Le tribunal de commerce de Reims, dans un jugement du 6 janvier 2026, a ouvert une procédure de redressement judiciaire à l’encontre d’une société commerciale défaillante, sur assignation de l’URSSAF. L’organisme de recouvrement, créancier d’une somme de 36 274,98 euros, invoquait l’impossibilité de recouvrer sa créance malgré des mesures d’exécution. La société débitrice n’a pas comparu, et le ministère public s’est prononcé favorablement à l’ouverture d’une procédure collective. La question de droit portait sur la caractérisation de l’état de cessation des paiements et l’ouverture du redressement judiciaire.
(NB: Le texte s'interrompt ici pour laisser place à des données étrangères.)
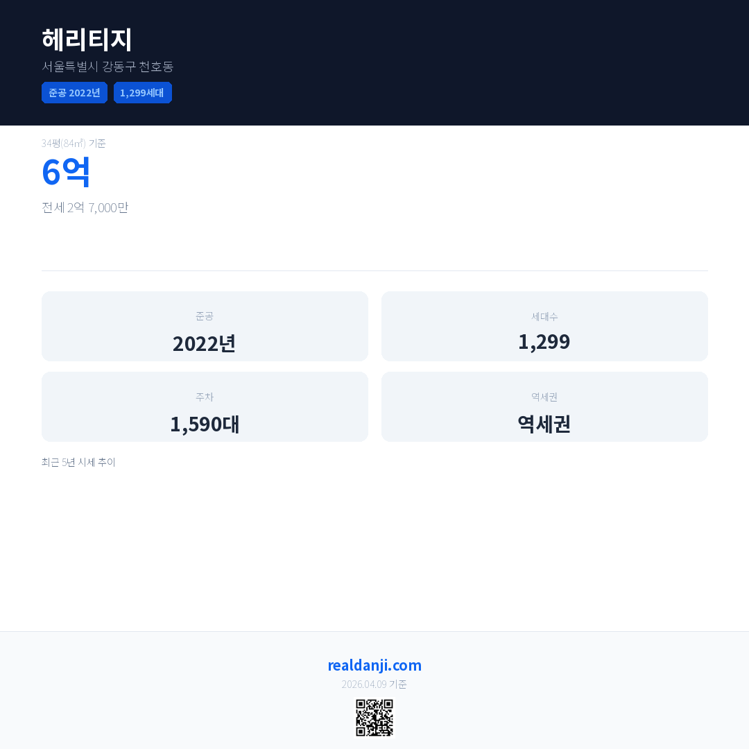 헤리티지 최근 거래가는 6억입니다. (2026-01)

Le tribunal a constaté cet état et ouvert la procédure, fixant la période d’observation à six mois et la date de cessation des paiements au 5 mars 2025.
I. La caractérisation de l’état de cessation des paiements
Le tribunal fonde sa décision sur le constat que la société débitrice est dans l’impossibilité de faire face à son passif exigible avec son actif disponible. Il relève que “la créance invoquée par le demandeur est certaine, liquide et exigible” (Attendu qu’il résulte des informations recueillies). La procédure est ouverte conformément à l’article L.631-1 du code de commerce, qui exige la réunion de ces conditions. En l’espèce, le passif non contesté de 36 274,98 euros établit l’insolvabilité de la société, laquelle n’a pas comparu pour contester. La valeur de cette solution réside dans la protection des créanciers et la sauvegarde de l’entreprise, en permettant une intervention judiciaire rapide. La portée est d’affirmer que l’absence de comparution du débiteur ne fait pas obstacle au constat de la cessation des paiements.
II. Les mesures d’organisation de la procédure collective
Le tribunal fixe provisoirement la date de cessation des paiements au 5 mars 2025, correspondant à la date de l’assignation, comme le prévoit l’article L.631-8 du code de commerce. Il désigne un juge-commissaire, un mandataire judiciaire et un commissaire de justice pour inventorier l’actif, conformément aux articles L.621-9 et R.622-4 du code de commerce. La durée de la période d’observation est de six mois, jusqu’au 6 juillet 2026, afin de permettre un bilan économique et social. La valeur de ces mesures est d’assurer une gestion transparente et équitable de la procédure, tout en laissant une chance de redressement à l’entreprise. Leur portée est de structurer le déroulement de la période d’observation, avec un contrôle judiciaire renforcé.